Kubernetes: customizing Pod scheduling and Volume scheduling

11/11/2018

I'm trying to use Kubernetes to manage a scenario where I need to run several instances of an application (that is, several Pods). These are my requirements:

  1. When I need to scale up my application, I want to deploy one single Pod on a specific Node (not a random one).
  2. When I need to scale down my application, I want to remove a specific Pod from a specific Node (not a random one).
  3. When a new Pod is deployed, I want it to mount a specific PersistentVolume (not a random one) that I have manually provisioned.
  4. After a Pod has been deleted, I want its PersistentVolume to be re-usable by a different Pod.

So far, I used this naive solution to do all of the above: every time I needed to create a new instance of my application, I created one new Deployment (with exactly one replica) and one PersistentVolumeClaim. So for example, if I need five instances of my application, then I need five Deployments. Though, this solution is not very scalable and it doesn't exploit the full potential of Kubernetes.

I think it would be a lot smarter to use one single template for all the Pods, but I'm not sure whether I should use a Deployment or a Statefulset.

I've been experimenting with Labels and Node Affinity, and I found out that I can satisfy requirement 1, but I cannot satisfy requirement 2 this way. In order to satisfy requirement 2, would it be possible to delete a specific Pod by writing my own custom scheduler?

I don't understand how Kubernetes decides to tie a specific PersistentVolume to a specific PersistentVolumeClaim. Is there a sort of volume scheduler? Can I customize it somehow? This way, every time a new Pod is created, I'd be able to tie it to a specific volume.

-- MikiTesi
kubernetes
persistent
scheduling
volume

1 Answer

11/12/2018

There may be a good reason for these requirements so I'm not going to try to convince you that it may not be a good idea to use Kubernetes for this...

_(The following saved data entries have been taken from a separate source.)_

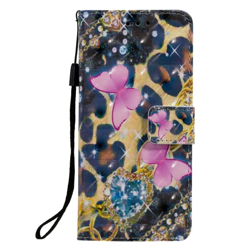 Θήκη δέρματος οριζόντιας αναδίπλωσης με σχέδιο 3D για Galaxy S20 με βάση, θήκη καρτών & λουρί (Ροζ Πεταλούδες)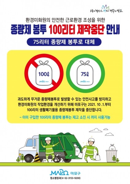 유동균 마포구청장은 “환경미화원의 안전한 작업환경을 만들기 위해 100리터 종량제봉투 제작 중단은 불가피한 결정”이라며 “구민 분들께서 다소 불편하겠지만 75리터 종량제봉투 이용에 협조해 주시길 바란다”고 말했다.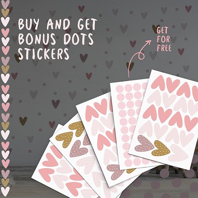 - ❤️ Package Content: Pink hearts wall decals come in a pack of 5 sheets. Includes: polka dots decals and heart stickers.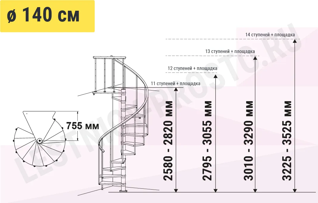 | Винтовая лестница Montreal Classic серая, d140 см, h258-282 см |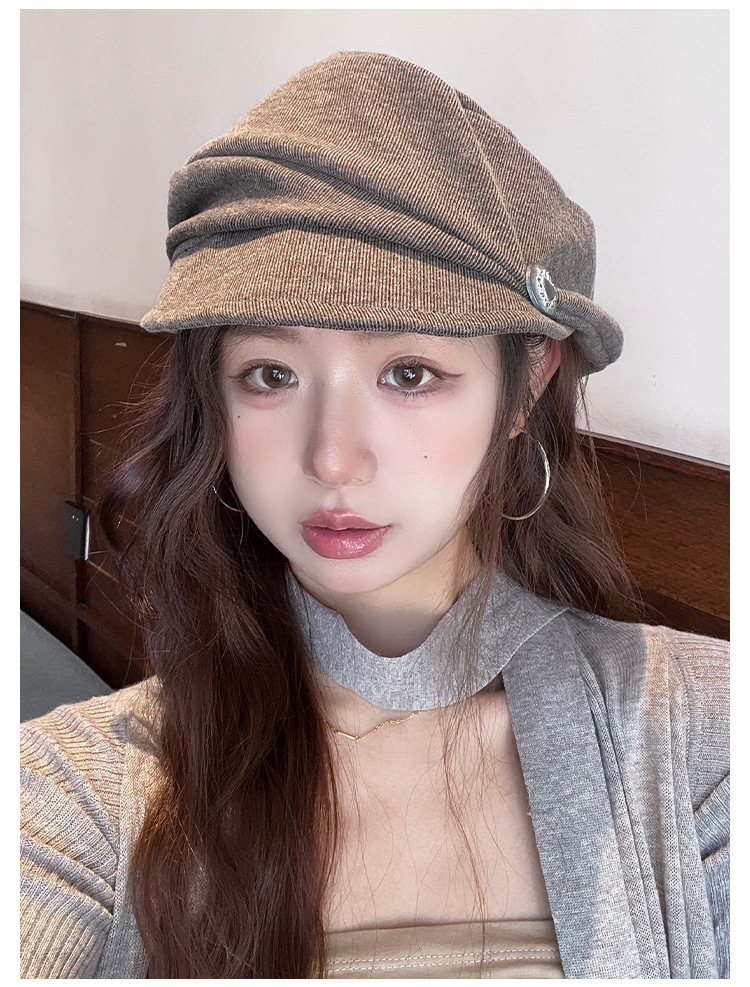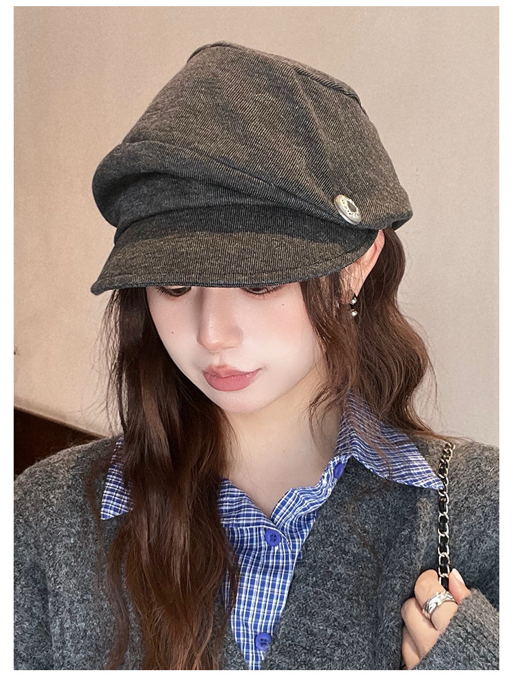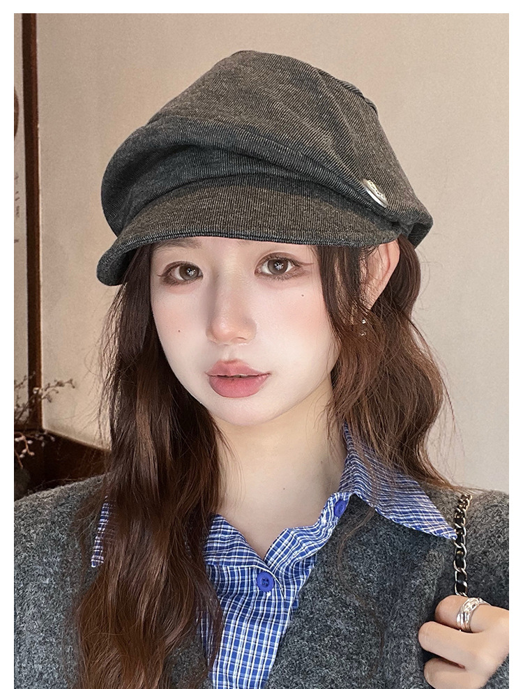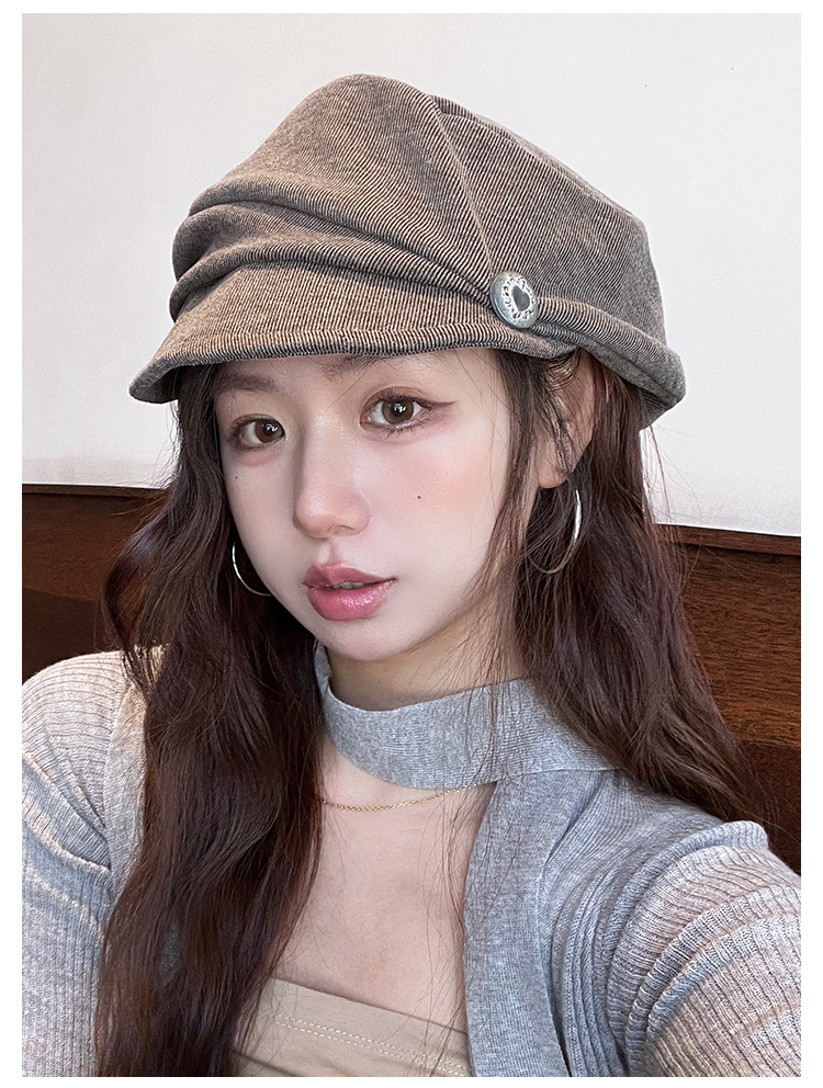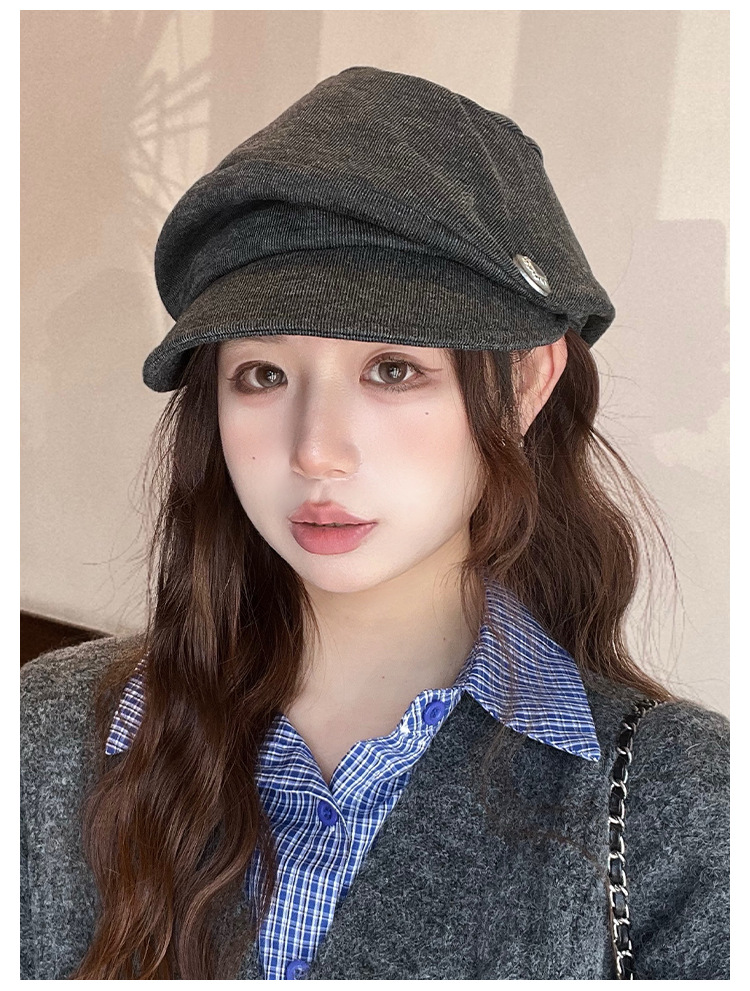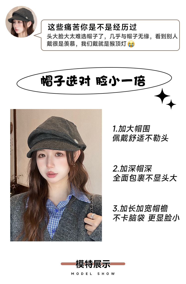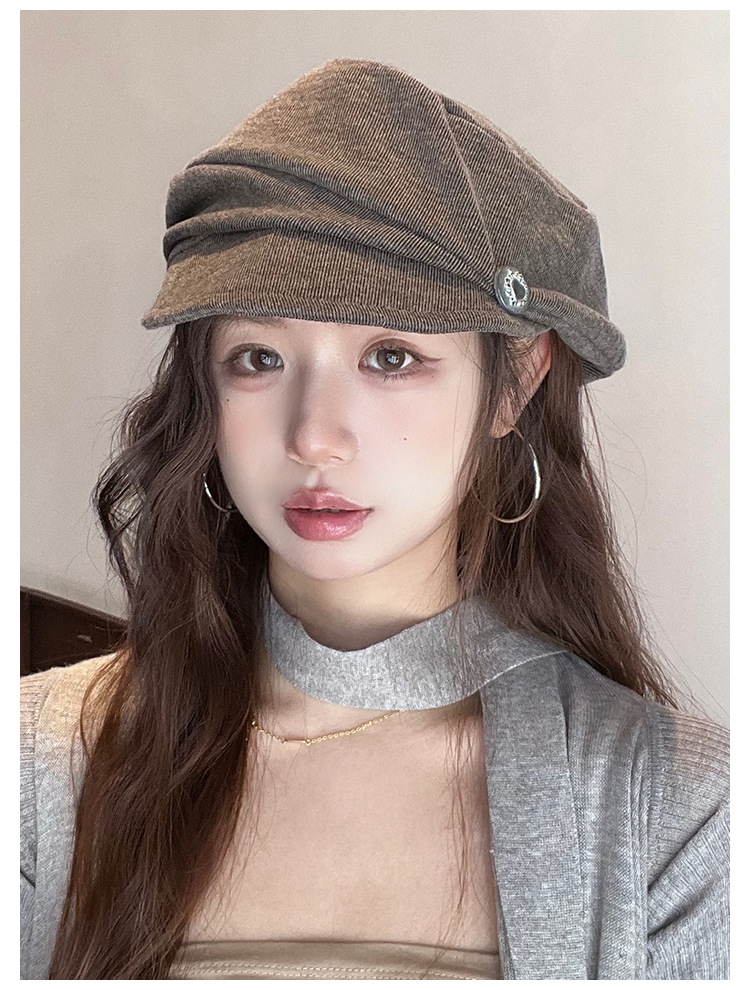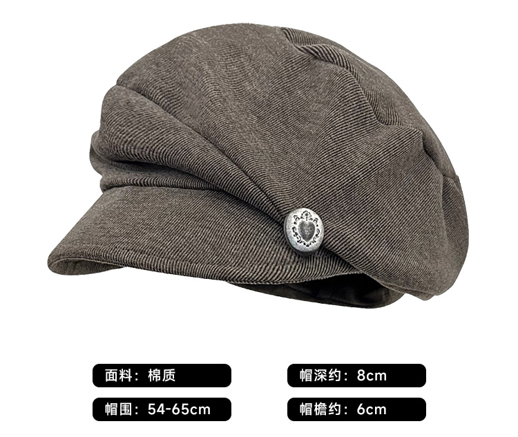산모토 스타일 일본식 주름 패딩 팔각형 모자 여성용 복고풍 얼굴이 작은 큰 머리 크기 베레모 클라우드 화가 모자 가을

Yes - with nodeSelector using labels, node affinity, and anti-affinity rules, pods can be scheduled on "appropriate" nodes.

Static Pods may be something close to what you are looking for. I've never used static pods/bare pods on Kubernetes...they kind of don't (to quote something from the question) "...exploit the full potential of Kubernetes" ;-)

Otherwise, here is what I think will work with out-of-the-box constructs for the four requirements:

Use Deployment like you have - this will give you requirements #1 and #2. I don't believe requirement #2 (nor #1, actually) can be satisfied with StatefulSet. Neither with a ReplicaSet.

Use statically provisioned PVs and selector(s) to (quote) "...tie a specific PersistentVolume to a specific PersistentVolumeClaim" for requirement #3.

Then requirement #4 will be possible - just make sure the PVs use the proper reclaim policy.

-- apisim
Source: StackOverflow